Within the listing that follows, reproduce exactly the lines starting at the line with "依托「智會聯」會務管理平臺,整合平板無紙" and ending at the line with "г) проверить номер", inclusive, and only those. Pictures are dropped.
─── EXERCISE MATERIALS ───
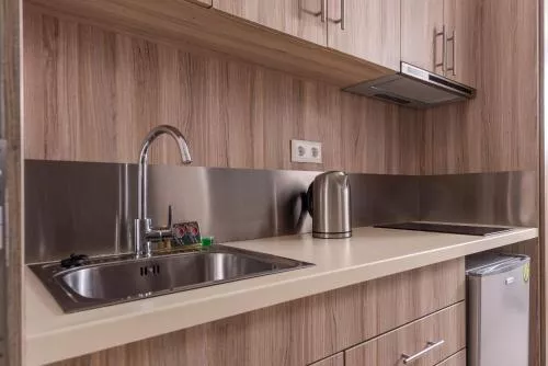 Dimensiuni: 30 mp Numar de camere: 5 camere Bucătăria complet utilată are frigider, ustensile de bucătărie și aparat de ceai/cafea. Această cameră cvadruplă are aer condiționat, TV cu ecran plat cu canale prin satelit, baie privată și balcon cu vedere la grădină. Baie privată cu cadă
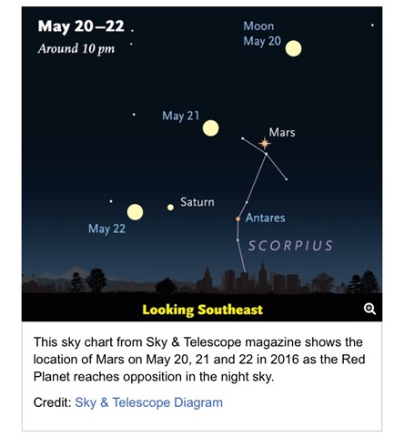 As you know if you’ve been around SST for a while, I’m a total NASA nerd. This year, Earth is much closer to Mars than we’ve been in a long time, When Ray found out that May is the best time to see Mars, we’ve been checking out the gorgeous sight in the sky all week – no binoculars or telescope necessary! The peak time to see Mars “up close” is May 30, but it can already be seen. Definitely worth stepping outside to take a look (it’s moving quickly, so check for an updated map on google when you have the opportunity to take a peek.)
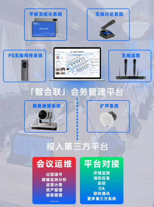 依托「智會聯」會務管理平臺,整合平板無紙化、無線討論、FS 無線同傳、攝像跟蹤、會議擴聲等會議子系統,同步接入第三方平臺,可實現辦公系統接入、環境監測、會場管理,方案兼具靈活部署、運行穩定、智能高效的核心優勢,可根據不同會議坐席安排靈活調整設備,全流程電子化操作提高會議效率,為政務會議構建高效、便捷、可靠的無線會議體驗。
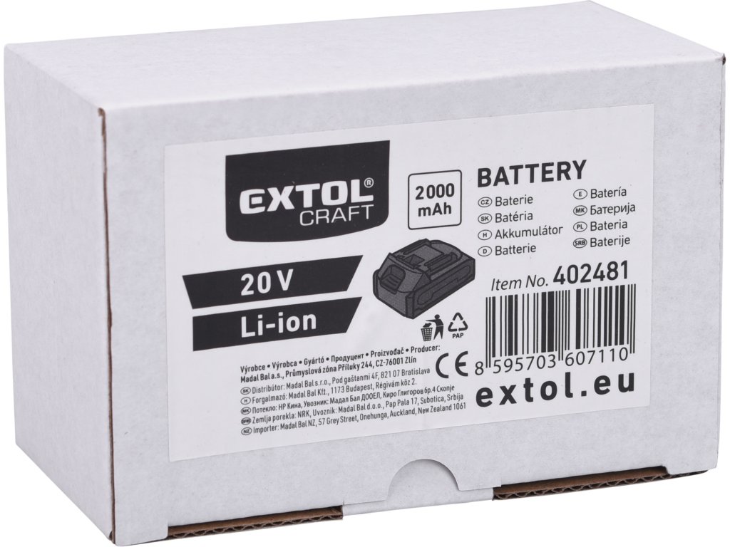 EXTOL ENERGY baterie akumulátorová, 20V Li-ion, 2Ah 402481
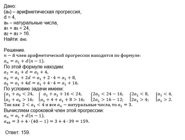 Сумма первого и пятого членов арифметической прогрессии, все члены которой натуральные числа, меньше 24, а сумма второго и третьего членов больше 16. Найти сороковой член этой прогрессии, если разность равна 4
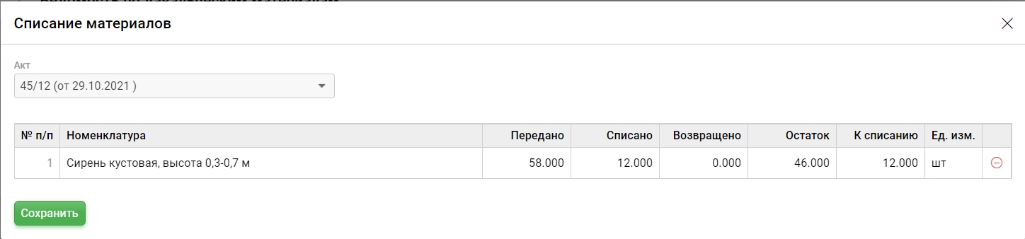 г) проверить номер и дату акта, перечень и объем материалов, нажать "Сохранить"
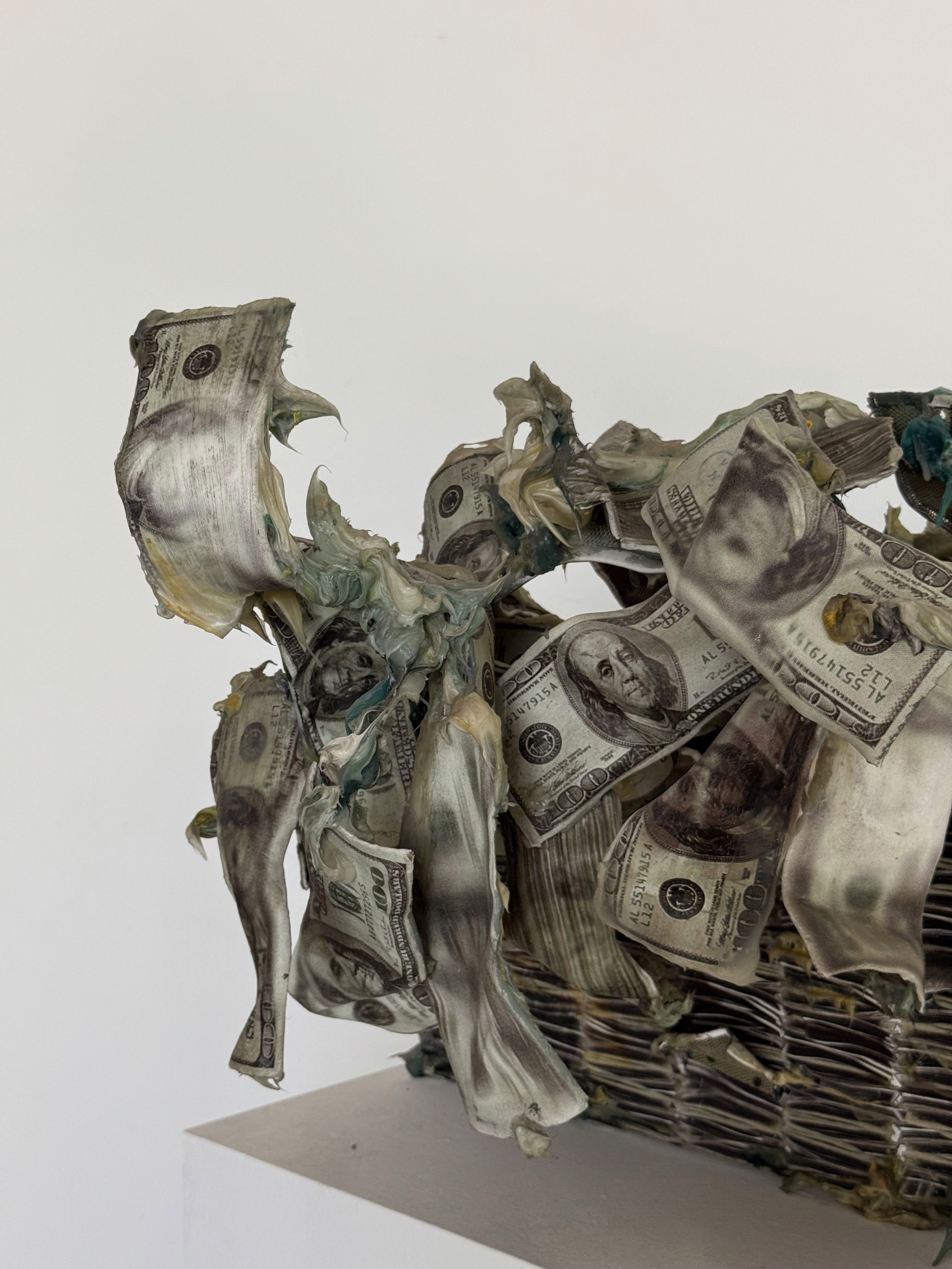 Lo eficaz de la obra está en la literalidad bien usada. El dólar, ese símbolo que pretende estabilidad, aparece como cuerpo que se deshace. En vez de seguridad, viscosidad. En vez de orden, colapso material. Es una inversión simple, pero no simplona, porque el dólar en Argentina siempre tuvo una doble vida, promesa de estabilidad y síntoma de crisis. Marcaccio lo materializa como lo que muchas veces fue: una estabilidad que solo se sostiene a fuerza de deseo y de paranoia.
───
ANSWER BELOW:
 依托「智會聯」會務管理平臺,整合平板無紙化、無線討論、FS 無線同傳、攝像跟蹤、會議擴聲等會議子系統,同步接入第三方平臺,可實現辦公系統接入、環境監測、會場管理,方案兼具靈活部署、運行穩定、智能高效的核心優勢,可根據不同會議坐席安排靈活調整設備,全流程電子化操作提高會議效率,為政務會議構建高效、便捷、可靠的無線會議體驗。
 EXTOL ENERGY baterie akumulátorová, 20V Li-ion, 2Ah 402481
 Сумма первого и пятого членов арифметической прогрессии, все члены которой натуральные числа, меньше 24, а сумма второго и третьего членов больше 16. Найти сороковой член этой прогрессии, если разность равна 4
 г) проверить номер и дату акта, перечень и объем материалов, нажать "Сохранить"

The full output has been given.